И Елена Никитишна села. Глаза ее метали искры. Прокурор опять переглянулся с председателем. Допрос продолжался по-прежнему скучно, монотонно.
– Скажите, свидетель, вам неизвестно ничего об отношениях подсудимой к одному чиновнику в Саратове? – спросил прокурор домовладельца, у которого жили Смулевы.
– Ничего решительно. И никто в Саратове ничего до сих пор не знает.
– Я сама скажу господину прокурору, – встала Коркина, – что была любовницей этого чиновника. Да, была! Это мое преступление, за которое я как милости прошу каторги! Еще я виновна в том, что не донесла на этого человека! Он сказал мне про задуманное убийство, и я упала в обморок, после заболела горячкой. Но когда я поправилась через полтора месяца, я должна была донести! А я поверила ему, что муж уехал, как собирался раньше. Да! Вот мои преступления, тяжкие преступления, и я молю у вас каторги!

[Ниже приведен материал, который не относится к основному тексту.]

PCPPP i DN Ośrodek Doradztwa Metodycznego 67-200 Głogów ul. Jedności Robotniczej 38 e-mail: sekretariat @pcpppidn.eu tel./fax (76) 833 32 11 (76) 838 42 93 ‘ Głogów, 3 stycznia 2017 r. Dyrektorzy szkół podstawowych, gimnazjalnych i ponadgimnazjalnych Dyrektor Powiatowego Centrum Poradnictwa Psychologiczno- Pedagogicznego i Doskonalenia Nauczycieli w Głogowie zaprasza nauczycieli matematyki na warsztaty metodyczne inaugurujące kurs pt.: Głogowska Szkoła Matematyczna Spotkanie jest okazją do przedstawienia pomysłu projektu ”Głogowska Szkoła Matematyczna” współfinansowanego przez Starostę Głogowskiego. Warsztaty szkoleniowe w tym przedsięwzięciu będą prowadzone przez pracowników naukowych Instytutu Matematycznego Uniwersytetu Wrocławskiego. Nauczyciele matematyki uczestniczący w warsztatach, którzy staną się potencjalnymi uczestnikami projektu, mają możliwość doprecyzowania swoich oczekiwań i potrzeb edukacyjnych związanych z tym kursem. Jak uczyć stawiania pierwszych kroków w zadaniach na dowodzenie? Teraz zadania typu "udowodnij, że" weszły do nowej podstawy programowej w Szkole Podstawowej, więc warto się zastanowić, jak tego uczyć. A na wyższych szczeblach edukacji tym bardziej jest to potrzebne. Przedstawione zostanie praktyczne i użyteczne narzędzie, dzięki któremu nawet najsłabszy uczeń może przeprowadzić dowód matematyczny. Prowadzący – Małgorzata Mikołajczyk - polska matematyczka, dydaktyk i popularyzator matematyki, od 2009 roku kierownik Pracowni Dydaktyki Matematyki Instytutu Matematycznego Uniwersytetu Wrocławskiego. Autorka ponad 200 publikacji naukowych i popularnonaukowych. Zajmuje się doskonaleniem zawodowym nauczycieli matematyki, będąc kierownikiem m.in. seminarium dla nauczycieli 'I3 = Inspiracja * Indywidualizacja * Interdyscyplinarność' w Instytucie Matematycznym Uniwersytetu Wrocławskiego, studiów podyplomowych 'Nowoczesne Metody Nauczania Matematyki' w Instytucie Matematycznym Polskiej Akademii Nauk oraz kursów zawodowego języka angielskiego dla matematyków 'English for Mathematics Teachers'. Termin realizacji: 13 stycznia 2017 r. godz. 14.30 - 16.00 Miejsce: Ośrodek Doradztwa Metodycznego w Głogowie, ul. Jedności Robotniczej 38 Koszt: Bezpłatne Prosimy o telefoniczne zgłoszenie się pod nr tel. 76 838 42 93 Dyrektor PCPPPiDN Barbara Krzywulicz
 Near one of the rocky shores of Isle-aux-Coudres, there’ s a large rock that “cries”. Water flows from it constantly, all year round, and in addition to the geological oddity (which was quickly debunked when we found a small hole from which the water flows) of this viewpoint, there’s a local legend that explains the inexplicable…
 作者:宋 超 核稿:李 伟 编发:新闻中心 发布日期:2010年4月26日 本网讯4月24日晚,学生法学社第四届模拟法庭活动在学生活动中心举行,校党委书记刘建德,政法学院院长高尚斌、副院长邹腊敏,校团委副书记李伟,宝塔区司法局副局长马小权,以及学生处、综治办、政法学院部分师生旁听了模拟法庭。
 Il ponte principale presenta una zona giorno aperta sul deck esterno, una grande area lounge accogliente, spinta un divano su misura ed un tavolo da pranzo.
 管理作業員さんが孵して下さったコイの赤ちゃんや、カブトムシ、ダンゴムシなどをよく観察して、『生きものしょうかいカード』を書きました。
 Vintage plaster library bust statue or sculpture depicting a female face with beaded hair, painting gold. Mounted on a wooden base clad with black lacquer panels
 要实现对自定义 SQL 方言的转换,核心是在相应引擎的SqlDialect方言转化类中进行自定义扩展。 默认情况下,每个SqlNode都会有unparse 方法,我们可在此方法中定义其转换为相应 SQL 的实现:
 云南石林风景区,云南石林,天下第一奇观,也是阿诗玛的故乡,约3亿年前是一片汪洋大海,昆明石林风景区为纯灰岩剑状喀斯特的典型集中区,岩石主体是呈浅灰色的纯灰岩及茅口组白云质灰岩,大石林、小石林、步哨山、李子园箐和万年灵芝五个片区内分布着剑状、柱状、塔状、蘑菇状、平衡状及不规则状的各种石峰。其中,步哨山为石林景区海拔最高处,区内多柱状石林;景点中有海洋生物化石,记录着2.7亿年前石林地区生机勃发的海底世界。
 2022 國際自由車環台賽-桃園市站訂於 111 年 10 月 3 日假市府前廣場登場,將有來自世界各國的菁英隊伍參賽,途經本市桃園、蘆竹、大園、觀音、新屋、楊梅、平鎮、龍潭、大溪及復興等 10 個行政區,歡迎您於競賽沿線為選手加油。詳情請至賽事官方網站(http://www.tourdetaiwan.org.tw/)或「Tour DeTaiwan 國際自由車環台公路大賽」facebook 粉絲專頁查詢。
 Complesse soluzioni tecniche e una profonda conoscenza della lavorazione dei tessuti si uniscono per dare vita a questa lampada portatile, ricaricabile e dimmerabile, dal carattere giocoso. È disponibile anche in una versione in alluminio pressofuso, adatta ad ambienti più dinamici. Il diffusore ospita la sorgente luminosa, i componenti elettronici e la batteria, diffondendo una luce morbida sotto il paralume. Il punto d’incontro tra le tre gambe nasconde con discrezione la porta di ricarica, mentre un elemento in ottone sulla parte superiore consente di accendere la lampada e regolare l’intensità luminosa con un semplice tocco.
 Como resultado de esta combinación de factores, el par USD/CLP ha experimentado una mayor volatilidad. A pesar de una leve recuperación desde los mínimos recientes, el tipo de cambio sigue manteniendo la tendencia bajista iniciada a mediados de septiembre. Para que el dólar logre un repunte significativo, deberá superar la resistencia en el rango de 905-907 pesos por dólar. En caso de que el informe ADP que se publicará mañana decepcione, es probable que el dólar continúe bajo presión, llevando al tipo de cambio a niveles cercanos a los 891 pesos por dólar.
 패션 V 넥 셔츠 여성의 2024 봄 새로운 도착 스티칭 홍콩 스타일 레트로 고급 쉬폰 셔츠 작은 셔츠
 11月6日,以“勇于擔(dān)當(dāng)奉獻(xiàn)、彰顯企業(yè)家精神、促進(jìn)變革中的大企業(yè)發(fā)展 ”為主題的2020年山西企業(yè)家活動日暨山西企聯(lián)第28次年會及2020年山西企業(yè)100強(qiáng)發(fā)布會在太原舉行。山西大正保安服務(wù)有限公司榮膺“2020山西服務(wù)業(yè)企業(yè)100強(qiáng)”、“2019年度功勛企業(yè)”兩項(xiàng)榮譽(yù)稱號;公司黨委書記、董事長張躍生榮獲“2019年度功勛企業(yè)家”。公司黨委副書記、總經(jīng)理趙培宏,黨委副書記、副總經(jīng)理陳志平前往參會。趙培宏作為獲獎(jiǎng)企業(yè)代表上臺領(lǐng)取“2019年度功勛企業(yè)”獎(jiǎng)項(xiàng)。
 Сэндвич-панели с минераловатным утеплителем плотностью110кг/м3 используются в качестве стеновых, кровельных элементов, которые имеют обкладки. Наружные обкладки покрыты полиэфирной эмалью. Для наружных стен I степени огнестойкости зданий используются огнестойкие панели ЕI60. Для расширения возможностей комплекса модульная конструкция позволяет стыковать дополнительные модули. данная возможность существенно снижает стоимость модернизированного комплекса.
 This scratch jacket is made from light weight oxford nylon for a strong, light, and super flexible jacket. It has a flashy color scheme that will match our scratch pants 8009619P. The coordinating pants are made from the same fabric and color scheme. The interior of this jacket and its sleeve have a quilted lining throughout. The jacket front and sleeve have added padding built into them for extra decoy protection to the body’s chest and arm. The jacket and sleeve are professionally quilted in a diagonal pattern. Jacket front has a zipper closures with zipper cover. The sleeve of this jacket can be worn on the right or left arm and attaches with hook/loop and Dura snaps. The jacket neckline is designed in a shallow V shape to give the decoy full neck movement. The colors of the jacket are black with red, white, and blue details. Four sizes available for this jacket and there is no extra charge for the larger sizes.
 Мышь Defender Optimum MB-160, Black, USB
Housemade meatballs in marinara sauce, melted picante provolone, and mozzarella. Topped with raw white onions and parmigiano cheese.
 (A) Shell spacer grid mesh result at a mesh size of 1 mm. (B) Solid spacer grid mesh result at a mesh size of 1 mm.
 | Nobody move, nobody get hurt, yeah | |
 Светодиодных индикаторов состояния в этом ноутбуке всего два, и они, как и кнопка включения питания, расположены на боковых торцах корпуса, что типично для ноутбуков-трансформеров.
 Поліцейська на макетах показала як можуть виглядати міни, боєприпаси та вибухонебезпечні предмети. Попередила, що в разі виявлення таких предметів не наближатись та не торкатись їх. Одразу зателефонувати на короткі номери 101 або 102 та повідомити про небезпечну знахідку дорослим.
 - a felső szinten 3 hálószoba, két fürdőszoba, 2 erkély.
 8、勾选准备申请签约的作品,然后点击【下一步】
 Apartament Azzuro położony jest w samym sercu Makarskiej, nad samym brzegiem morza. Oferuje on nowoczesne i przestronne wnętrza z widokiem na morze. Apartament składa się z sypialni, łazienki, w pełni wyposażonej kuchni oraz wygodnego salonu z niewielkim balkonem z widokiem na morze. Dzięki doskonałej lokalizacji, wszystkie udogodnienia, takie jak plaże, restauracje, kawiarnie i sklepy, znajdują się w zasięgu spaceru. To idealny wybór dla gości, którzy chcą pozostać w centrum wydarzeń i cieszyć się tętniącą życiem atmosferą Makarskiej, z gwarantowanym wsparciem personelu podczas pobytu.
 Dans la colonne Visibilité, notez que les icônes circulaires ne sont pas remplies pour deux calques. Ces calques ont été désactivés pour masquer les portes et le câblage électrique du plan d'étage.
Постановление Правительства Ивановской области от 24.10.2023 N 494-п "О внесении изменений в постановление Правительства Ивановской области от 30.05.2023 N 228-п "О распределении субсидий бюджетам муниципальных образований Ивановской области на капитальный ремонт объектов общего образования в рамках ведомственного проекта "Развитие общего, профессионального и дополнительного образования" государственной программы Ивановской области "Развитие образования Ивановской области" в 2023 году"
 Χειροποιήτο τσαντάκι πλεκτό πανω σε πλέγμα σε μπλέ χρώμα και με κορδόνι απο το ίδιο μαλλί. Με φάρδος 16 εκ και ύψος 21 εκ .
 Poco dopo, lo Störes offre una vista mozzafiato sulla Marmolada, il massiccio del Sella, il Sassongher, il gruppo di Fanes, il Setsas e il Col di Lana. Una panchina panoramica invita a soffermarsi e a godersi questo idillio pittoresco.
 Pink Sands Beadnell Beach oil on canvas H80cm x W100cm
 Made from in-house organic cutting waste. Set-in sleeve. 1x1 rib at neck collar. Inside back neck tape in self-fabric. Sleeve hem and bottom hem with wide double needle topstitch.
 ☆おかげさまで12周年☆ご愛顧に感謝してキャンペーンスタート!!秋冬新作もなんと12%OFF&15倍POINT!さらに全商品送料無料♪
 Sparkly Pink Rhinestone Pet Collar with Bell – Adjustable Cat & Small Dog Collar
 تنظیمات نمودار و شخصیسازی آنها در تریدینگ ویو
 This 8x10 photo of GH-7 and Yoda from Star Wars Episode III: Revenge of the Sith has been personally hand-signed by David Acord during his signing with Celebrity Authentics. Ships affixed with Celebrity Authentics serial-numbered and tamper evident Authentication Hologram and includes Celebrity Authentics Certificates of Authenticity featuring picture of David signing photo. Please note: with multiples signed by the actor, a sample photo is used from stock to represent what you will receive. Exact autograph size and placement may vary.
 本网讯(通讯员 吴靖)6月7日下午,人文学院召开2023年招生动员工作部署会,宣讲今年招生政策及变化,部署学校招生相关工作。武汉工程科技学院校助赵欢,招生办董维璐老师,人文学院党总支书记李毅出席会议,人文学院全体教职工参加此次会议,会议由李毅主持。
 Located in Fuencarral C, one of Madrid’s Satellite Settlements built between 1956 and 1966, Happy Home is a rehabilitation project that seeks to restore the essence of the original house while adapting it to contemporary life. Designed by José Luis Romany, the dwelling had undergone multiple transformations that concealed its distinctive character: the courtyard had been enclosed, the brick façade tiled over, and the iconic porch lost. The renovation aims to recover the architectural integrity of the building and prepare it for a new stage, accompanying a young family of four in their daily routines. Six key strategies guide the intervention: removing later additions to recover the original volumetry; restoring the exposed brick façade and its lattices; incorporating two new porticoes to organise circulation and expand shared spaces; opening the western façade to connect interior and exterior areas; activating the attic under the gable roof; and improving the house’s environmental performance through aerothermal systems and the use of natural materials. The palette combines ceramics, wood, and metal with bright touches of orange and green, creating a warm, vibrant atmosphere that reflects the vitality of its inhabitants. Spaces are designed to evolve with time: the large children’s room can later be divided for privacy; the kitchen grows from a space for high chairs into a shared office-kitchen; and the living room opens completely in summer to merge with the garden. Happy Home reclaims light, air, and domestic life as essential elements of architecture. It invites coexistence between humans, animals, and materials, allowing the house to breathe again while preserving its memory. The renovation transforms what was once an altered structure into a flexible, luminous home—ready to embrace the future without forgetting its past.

Допрос кончился только к вечеру. После перерыва началась речь прокурора.
– Господа присяжные! Перед вами жена Смулева, которая, по предварительному сговору с любовником, наняла убийцу для мужа, теперь спустя восемь лет принесла повинную. Страх ли перед угрозами шантажиста, или проснувшаяся совесть руководила ею, для нас безразлично, но во всяком случае раскаяние только смягчает вину, а не оправдывает. – Прокурор подробно развил свои доводы и закончил: – Подсудимая просит у вас каторги. Рисуется она или точно искренно хочет загладить свое преступление – это дело ее, но я также прошу у вас для нее каторги! Пусть смерть Смулева будет отомщена хоть на ней! Сообщник любовник умер, наемный убийца не разыскан, остается одна она, и пусть над ней свершится правосудие!
– Вам принадлежит последнее слово, – обратился председатель к Коркиной.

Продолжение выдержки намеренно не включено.